◆ Exercise ◆
Go to the line in the entries below that holds "Madonna Yaka Kahverengi" and repeat exactly from there through the line that holds "- E eu, um homem", inclusive.

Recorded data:
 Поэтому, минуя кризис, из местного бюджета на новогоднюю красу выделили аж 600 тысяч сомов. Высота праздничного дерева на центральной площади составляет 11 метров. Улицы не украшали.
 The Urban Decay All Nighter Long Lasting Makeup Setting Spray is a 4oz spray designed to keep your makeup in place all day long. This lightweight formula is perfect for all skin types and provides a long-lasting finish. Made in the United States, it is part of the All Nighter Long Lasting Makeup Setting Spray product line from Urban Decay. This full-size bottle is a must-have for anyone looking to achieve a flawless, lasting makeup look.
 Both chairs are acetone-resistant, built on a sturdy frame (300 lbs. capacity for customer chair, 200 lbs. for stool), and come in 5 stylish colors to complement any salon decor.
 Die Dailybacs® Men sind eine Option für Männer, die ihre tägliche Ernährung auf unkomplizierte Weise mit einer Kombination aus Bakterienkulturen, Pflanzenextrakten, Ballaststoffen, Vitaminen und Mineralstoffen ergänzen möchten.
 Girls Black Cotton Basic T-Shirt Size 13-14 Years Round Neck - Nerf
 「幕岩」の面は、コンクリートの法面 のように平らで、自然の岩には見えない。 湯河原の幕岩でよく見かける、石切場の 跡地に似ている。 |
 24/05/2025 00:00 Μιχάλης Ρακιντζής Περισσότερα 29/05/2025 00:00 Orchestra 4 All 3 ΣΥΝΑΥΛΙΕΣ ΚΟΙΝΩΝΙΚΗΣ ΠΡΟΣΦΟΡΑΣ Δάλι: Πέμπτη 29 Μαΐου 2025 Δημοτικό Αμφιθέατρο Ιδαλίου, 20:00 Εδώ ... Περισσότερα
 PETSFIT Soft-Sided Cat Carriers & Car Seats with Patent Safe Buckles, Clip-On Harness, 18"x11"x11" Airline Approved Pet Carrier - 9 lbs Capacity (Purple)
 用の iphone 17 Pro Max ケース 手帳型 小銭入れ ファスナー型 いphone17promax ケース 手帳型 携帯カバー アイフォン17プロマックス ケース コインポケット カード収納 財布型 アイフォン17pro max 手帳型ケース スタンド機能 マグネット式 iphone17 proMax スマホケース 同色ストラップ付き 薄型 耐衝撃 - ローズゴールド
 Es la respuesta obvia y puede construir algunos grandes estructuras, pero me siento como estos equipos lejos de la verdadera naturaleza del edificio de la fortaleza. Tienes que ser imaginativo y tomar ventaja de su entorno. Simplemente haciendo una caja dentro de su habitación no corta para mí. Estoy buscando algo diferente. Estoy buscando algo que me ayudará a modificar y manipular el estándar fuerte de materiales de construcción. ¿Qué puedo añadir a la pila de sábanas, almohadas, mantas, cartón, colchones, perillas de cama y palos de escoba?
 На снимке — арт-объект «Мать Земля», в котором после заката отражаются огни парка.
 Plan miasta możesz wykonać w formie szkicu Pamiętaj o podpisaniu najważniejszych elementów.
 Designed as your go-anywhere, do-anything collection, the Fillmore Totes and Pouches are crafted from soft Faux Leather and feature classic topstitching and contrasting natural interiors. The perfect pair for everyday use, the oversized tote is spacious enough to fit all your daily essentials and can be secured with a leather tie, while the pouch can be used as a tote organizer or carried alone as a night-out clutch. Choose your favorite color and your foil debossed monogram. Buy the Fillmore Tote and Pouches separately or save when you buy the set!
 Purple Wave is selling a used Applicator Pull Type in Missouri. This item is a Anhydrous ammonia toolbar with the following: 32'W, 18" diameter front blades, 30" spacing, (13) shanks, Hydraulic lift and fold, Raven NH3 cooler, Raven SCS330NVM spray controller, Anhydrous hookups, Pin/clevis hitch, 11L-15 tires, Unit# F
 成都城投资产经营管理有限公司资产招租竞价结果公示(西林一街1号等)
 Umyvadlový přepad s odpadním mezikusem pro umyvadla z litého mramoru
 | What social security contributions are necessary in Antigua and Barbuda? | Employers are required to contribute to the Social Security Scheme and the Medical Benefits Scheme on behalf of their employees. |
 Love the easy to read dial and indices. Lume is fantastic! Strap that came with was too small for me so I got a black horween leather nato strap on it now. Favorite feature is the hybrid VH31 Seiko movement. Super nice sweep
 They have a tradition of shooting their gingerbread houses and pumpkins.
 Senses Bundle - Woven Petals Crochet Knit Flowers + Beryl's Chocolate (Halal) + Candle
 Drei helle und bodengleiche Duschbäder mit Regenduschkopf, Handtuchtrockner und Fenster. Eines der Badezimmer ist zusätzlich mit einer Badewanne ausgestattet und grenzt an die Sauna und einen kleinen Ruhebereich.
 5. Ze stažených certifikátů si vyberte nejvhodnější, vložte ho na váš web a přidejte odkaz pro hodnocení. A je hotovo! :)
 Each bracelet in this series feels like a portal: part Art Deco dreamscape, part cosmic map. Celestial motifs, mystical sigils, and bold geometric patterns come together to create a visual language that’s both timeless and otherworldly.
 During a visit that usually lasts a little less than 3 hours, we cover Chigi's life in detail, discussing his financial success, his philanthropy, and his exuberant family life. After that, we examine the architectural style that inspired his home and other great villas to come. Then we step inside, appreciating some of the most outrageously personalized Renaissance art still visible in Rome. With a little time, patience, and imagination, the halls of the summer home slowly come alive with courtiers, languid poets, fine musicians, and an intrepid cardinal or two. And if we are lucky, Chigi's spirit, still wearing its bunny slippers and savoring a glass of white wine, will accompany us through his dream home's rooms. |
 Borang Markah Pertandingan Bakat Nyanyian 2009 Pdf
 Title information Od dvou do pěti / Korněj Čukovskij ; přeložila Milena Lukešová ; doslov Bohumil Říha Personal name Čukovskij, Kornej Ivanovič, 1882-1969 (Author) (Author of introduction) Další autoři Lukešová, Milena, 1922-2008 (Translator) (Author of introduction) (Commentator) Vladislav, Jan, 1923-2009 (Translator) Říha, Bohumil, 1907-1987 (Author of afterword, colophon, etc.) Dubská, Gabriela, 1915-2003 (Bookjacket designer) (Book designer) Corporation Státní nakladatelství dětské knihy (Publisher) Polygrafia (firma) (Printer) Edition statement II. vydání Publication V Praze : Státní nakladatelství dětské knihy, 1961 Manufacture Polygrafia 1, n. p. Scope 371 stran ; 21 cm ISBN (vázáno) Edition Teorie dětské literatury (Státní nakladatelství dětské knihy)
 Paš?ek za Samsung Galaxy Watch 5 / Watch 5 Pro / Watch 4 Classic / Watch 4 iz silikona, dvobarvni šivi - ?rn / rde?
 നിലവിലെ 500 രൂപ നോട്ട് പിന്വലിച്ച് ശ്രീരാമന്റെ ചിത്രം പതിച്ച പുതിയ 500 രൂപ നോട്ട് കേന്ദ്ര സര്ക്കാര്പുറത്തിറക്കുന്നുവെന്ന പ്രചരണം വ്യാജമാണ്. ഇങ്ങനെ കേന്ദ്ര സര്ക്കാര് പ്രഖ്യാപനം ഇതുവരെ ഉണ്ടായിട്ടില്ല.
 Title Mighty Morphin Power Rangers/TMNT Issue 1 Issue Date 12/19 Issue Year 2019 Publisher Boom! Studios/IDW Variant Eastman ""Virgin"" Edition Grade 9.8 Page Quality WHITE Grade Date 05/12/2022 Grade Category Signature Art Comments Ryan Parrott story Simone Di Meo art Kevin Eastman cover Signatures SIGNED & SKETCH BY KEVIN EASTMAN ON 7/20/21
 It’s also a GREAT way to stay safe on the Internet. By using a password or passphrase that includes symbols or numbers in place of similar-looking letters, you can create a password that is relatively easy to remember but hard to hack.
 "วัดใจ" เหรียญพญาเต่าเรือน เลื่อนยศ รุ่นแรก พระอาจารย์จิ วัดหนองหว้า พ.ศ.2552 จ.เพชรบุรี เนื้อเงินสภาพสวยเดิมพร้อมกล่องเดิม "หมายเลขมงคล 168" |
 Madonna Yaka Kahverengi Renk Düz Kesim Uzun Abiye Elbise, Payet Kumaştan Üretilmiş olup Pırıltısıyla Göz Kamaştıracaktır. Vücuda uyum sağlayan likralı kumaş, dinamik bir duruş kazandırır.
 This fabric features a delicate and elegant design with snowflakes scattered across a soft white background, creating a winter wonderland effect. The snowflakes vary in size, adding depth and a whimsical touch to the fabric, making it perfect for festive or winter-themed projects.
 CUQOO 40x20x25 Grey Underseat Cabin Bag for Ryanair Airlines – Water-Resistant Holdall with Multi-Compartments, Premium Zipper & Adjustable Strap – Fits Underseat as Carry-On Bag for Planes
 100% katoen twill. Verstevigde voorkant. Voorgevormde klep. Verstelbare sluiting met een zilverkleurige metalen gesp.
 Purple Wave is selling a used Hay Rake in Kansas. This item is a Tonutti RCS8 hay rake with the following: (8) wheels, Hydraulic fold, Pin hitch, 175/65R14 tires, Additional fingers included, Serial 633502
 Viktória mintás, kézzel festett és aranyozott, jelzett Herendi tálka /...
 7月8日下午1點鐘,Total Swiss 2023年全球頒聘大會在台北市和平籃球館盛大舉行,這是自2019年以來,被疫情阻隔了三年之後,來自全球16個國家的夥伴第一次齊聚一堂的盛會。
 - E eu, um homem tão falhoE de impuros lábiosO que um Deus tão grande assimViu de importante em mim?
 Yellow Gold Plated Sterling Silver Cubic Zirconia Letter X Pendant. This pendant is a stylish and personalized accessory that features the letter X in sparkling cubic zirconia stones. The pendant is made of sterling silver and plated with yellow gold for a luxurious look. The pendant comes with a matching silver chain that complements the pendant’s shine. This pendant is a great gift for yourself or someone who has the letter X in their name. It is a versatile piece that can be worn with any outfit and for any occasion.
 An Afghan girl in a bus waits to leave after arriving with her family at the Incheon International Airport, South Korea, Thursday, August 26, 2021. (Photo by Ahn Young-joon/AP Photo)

◆ Solution below ◆
 Madonna Yaka Kahverengi Renk Düz Kesim Uzun Abiye Elbise, Payet Kumaştan Üretilmiş olup Pırıltısıyla Göz Kamaştıracaktır. Vücuda uyum sağlayan likralı kumaş, dinamik bir duruş kazandırır.
 This fabric features a delicate and elegant design with snowflakes scattered across a soft white background, creating a winter wonderland effect. The snowflakes vary in size, adding depth and a whimsical touch to the fabric, making it perfect for festive or winter-themed projects.
 CUQOO 40x20x25 Grey Underseat Cabin Bag for Ryanair Airlines – Water-Resistant Holdall with Multi-Compartments, Premium Zipper & Adjustable Strap – Fits Underseat as Carry-On Bag for Planes
 100% katoen twill. Verstevigde voorkant. Voorgevormde klep. Verstelbare sluiting met een zilverkleurige metalen gesp.
 Purple Wave is selling a used Hay Rake in Kansas. This item is a Tonutti RCS8 hay rake with the following: (8) wheels, Hydraulic fold, Pin hitch, 175/65R14 tires, Additional fingers included, Serial 633502
 Viktória mintás, kézzel festett és aranyozott, jelzett Herendi tálka /...
 7月8日下午1點鐘,Total Swiss 2023年全球頒聘大會在台北市和平籃球館盛大舉行,這是自2019年以來,被疫情阻隔了三年之後,來自全球16個國家的夥伴第一次齊聚一堂的盛會。
 - E eu, um homem tão falhoE de impuros lábiosO que um Deus tão grande assimViu de importante em mim?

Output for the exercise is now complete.